Prestação de contas — Classificação legal
Gabarito: letra B. Segundo o art. 72 da Lei 13.019/2014, as contas são consideradas regulares com ressalva quando evidenciarem impropriedade ou falta de natureza formal que não resulte em dano ao erário. A alternativa B descreve exatamente essa hipótese, acrescentando atos ilegais/ilegítimos/antieconômicos não graves e sem dano injustificado — compatível com a ressalva. As demais alternativas criam categorias inexistentes ou confundem as hipóteses.
A questão exige o conhecimento dos três tipos de julgamento de contas (art. 72 da Lei 13.019/2014): regulares, regulares com ressalva e irregulares.
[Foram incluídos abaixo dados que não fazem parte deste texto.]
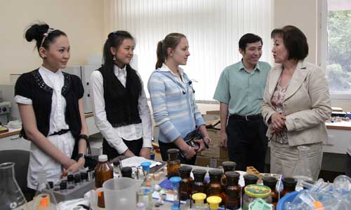 Оқу жұмысы жөніндегі проректоры Мұрат Орынханов жас қонақтарды қарашаңырақ қызметімен таныстырып, университет дипломының шетелде бағаланатындығын, дүниежүзіндегі жетекші ЖОО-мен әріптестік қарым-қатынастарының арқасында студенттер тәжірибе алмасуға мүмкіндіктері барын айтты. «Бізде бәрі қамтылған. Ең алдымен, университеттің бетке ұстар - жоғары білікті оқытушы-ғалымдар құрамы, 14 факультет, колледж, 20 ғылыми-зерттеу институттары, ғылыми кітапхана, республика бойынша жалғыз Студенттер сарайы, әскери кафедра. Сондай-ақ туған жерін, ғылымы мен қарашаңырақ университетін сүйетін, әрі өз шешімін дұрыс санайтын он алты мың студенттер қауымы бар», - деді М. Орынханов оқушылармен әңгімелесе отырып.

Não existe a figura "irregulares sujeitas a regularização".
Art. 72Lei-13019
Art. 72 — As prestações de contas serão avaliadas:
I — regulares, quando expressarem, de forma clara e objetiva, o cumprimento dos objetivos e metas estabelecidos no plano de trabalho;
II — regulares com ressalva, quando evidenciarem impropriedade ou qualquer outra falta de natureza formal que não resulte em dano ao erário;
III — irregulares, quando comprovada qualquer das seguintes circunstâncias: a) omissão no dever de prestar contas; b) descumprimento injustificado dos objetivos e metas estabelecidos no plano de trabalho; c) dano ao erário decorrente de ato de gestão ilegítimo ou antieconômico; d) desfalque ou desvio de dinheiro, bens ou valores públicos.
Alternativa A — ❌ Incorreta
Afirma que as contas seriam "irregulares sujeitas a regularização" em caso de desfalque de pequena monta. O art. 72, III, "d" considera irregular o desfalque ou desvio de dinheiro, bens ou valores públicos, sem qualquer condicionante de monta. A lei não prevê a categoria "irregulares sujeitas a regularização".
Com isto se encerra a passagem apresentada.